Steps to disable kernel upgrade on CentOS AWS

One way to maintain one OS version across your AWS infrastructure is to disable kernel upgrade

Use case Scenario

You’ve a client who is complaining about the OS getting upgraded automatically which is causing the development team alot of issues with versioning of the product. For eg : The instance run on RHEL (RedHat) 6.5 and now are been upgraded to 6.7 which is problem for development team in terms of versioning and development of any website/webapp/product.

Lame solution

Ask your customer to not fire yum commands to ensure kernal packages are not upgraded, but this will limit upgrade or update other packages as well which can be problem in future.


Full proof solution

Configure the Linux machine in a way that the kernel is never upgraded automatically.

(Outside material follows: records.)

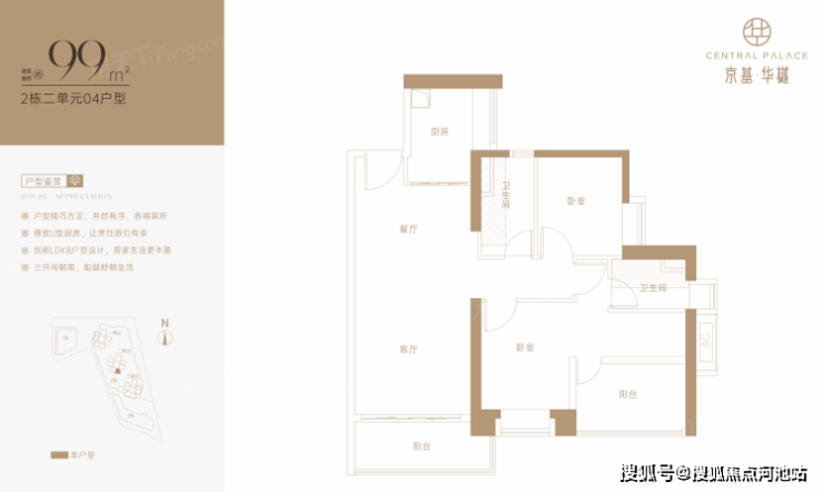 99㎡的3房2厅2卫,仅2栋2单元04户型才有,设计的是竖厅格局,LDKB一体化,动静分区,三开间朝南,L型厨房,卫生间干湿分离,得房率约73%(不含赠送),阳台西南朝向。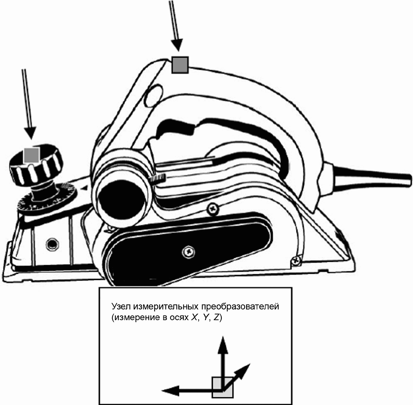 рисунке I.102 показаны места установки датчиков на основной и дополнительной рукоятке рубанка.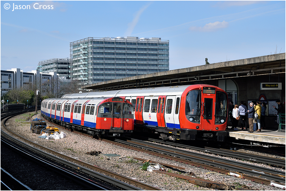 A train of 1973 Tube Stock overtakes a larger train of sub-surface S Stock at Chiswick Park - not all trains on the London Underground are tube trains! Date: 2 April 2016 Manipulation Notes: None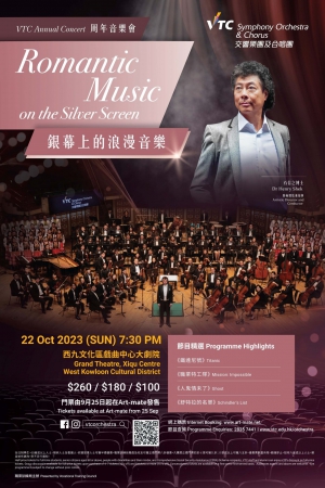 由國際著名指揮家石信之帶領的VTC交響樂團及合唱團,將以「銀幕上的浪漫音樂」為主題,演繹多首悅耳動聽的中西電影樂曲,包括電影「鐵達尼號」、「職業特工隊」、「人鬼情未了」、「舒特拉的名單」、「文明帝國VI」、「最愛是誰」、「小李飛刀」等主題音樂,引領聽眾一起投入浪漫的光影世界。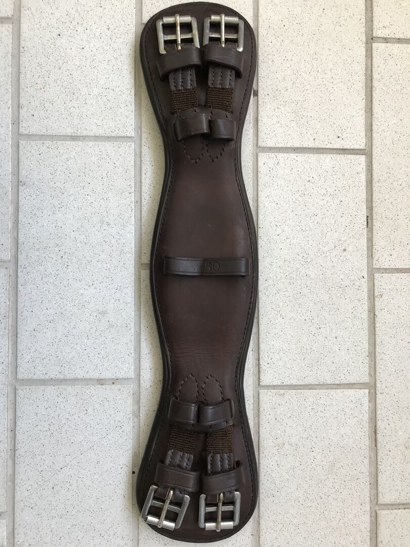 Pas Skórzany Krótki Obwód brązowy 50 cm - Skórzany krótki pas, anatomicznie ukształtowany, brązowy, 50 cm, używany, ale w bardzo dobrym stanie, brak rdzy na sprzączkach, wysyłka jako mała paczka DHL za 3,80 €.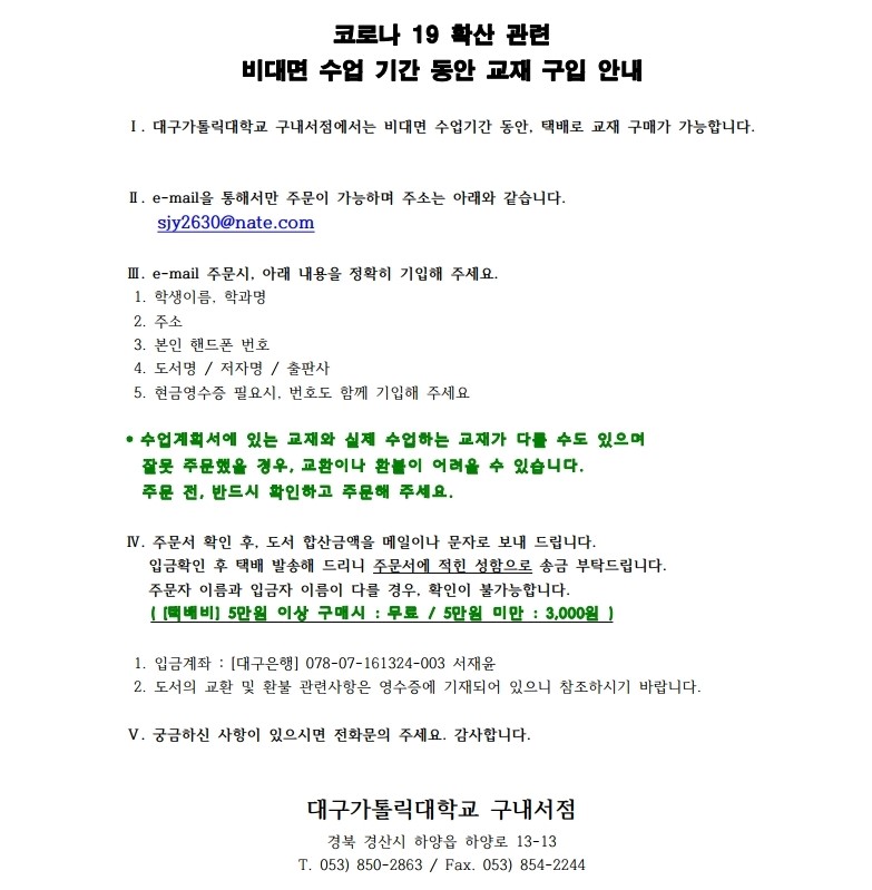 교재구입 안내(코로나19 확산 관련 비대면 수업기간)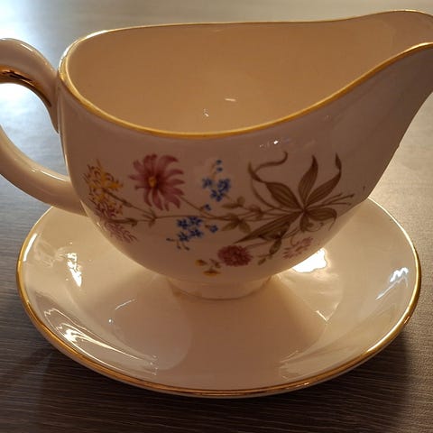 Dekoren er hel og fin uten slitasje, og det er ingen hakk eller skår i glass eller mugge etter det som kan sees.

Steps to disable kernel upgrades

Step 1 : Look for yum-cron

If you’ve installed yum-cron which will install all updates automatically then I would suggest to make some configuration changes.

Go to /etc/sysconfig/yum-cron.conf

Add the following to the YUM PARAMETER line: YUM_PARAMETER="-x kernel* -x php*"

Step 2 : Exclude kernel or other packages from /etc/yum.conf

To make permanent changes, edit the /etc/yum.conf file and following entries to it:

[main]
cachedir=/var/cache/yum/$basearch/$releasever
keepcache=0
debuglevel=2
logfile=/var/log/yum.log
exclude=kernel* redhat-release*                           <==== Add this line

Step 3 :  Disable kernel upgrade from /boot/grub.conf

Take backup of /boot/grub/grub.conf

$ sudo cp -a /boot/grub/grub.conf /boot/grub/grub.conf.bkp

Edit /boot/grub/grub.conf and change the line :

“default=0” to “default=1”

You can check OS and kernel version with following commands :

lsb_release -a
rpm -qf /etc/redhat-release

That’s it!

You have a system which will never upgrade automatically and which is compliance friendly.